● PROVIDED INFORMATION
● ● ● ● ●

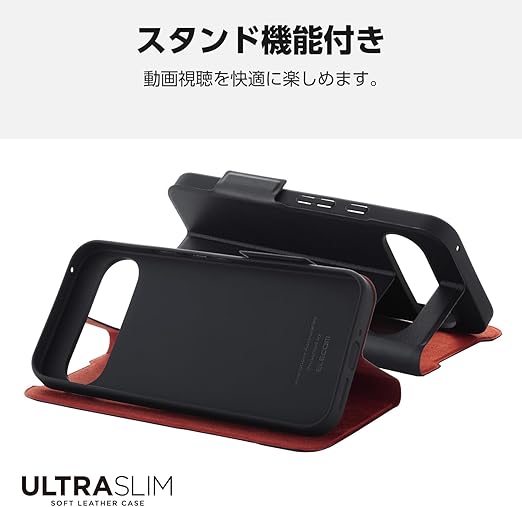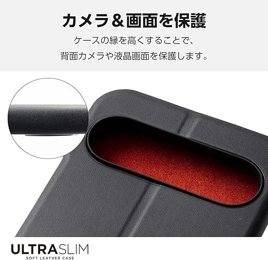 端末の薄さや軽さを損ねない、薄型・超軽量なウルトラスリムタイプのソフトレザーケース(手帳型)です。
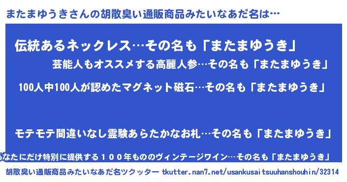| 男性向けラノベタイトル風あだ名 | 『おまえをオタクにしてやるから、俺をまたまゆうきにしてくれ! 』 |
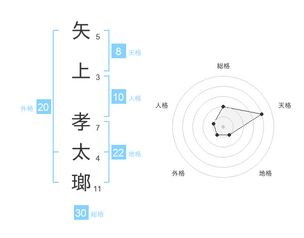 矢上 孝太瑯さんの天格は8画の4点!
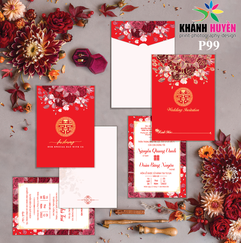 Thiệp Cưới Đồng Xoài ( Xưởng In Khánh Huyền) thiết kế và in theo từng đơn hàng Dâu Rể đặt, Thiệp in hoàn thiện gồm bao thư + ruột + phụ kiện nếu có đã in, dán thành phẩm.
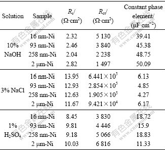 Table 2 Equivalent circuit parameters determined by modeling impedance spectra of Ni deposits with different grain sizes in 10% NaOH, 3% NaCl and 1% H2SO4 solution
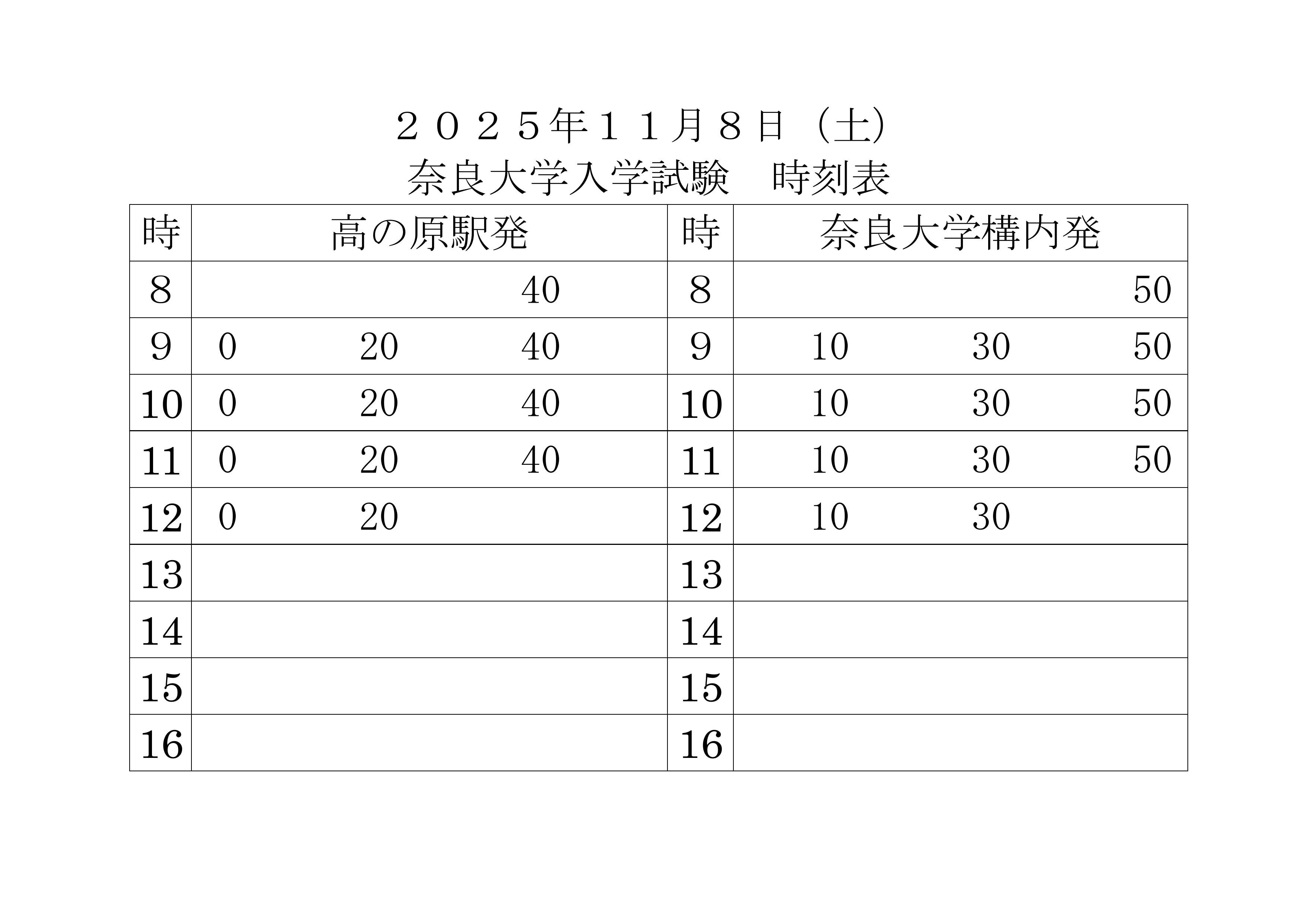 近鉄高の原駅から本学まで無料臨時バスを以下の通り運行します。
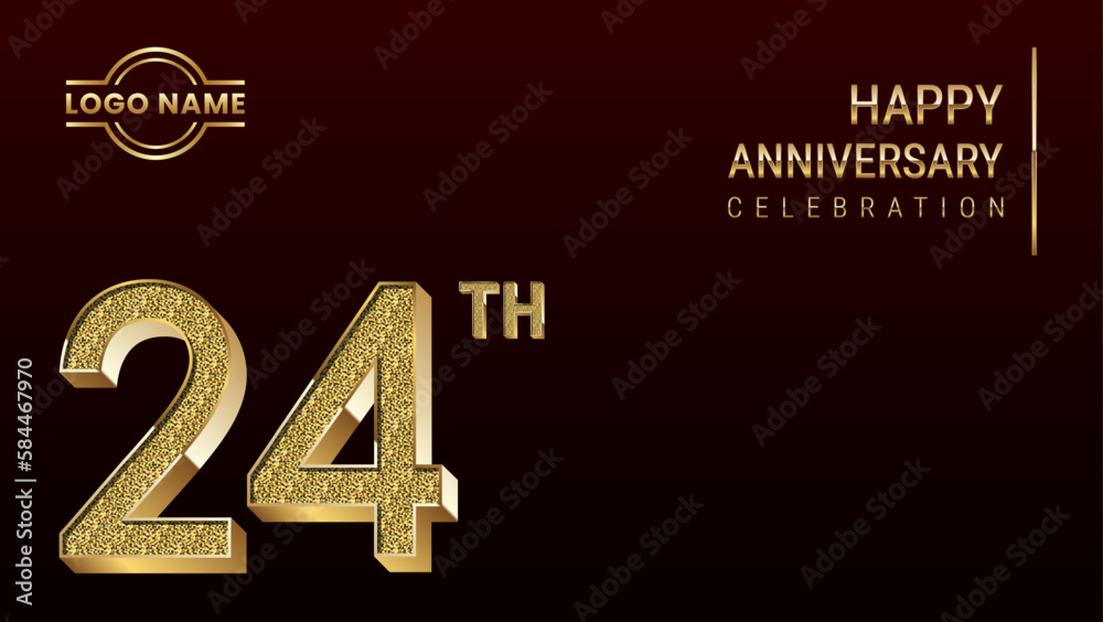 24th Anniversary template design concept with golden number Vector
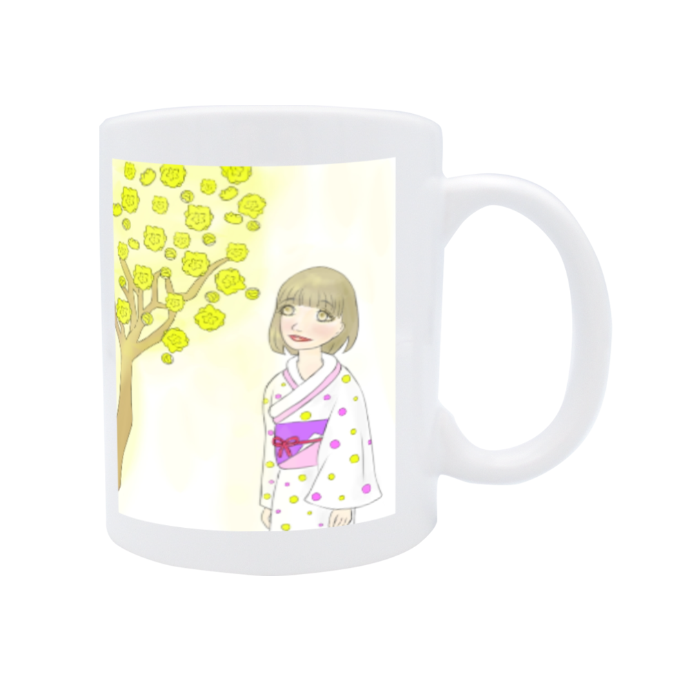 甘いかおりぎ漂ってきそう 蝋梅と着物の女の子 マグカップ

● ● ● ● ●

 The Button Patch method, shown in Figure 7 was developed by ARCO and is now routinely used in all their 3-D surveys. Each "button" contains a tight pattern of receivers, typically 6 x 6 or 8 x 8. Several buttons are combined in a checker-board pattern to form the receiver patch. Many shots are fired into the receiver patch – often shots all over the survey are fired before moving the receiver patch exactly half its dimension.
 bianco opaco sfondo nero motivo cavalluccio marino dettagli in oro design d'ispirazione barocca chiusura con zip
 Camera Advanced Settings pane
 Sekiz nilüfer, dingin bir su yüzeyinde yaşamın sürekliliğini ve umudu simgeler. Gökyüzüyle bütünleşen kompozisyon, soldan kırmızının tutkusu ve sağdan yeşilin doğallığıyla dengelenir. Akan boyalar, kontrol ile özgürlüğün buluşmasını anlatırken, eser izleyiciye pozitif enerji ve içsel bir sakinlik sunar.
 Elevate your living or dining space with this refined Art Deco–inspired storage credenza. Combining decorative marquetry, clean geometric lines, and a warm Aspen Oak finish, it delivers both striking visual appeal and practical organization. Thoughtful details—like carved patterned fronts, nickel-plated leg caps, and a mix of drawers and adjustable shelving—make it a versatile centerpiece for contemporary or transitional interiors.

● ● ● ● ●

● PROBLEM
Set the pictures aside and reproduce exactly the lines above, from the line holding "端末の薄さや軽さを損ねない、" through the line holding "Thiệp Cưới Đồng", both included, with nothing else.

● RESPONSE BELOW
 端末の薄さや軽さを損ねない、薄型・超軽量なウルトラスリムタイプのソフトレザーケース(手帳型)です。
| 男性向けラノベタイトル風あだ名 | 『おまえをオタクにしてやるから、俺をまたまゆうきにしてくれ! 』 |
 矢上 孝太瑯さんの天格は8画の4点!
 Thiệp Cưới Đồng Xoài ( Xưởng In Khánh Huyền) thiết kế và in theo từng đơn hàng Dâu Rể đặt, Thiệp in hoàn thiện gồm bao thư + ruột + phụ kiện nếu có đã in, dán thành phẩm.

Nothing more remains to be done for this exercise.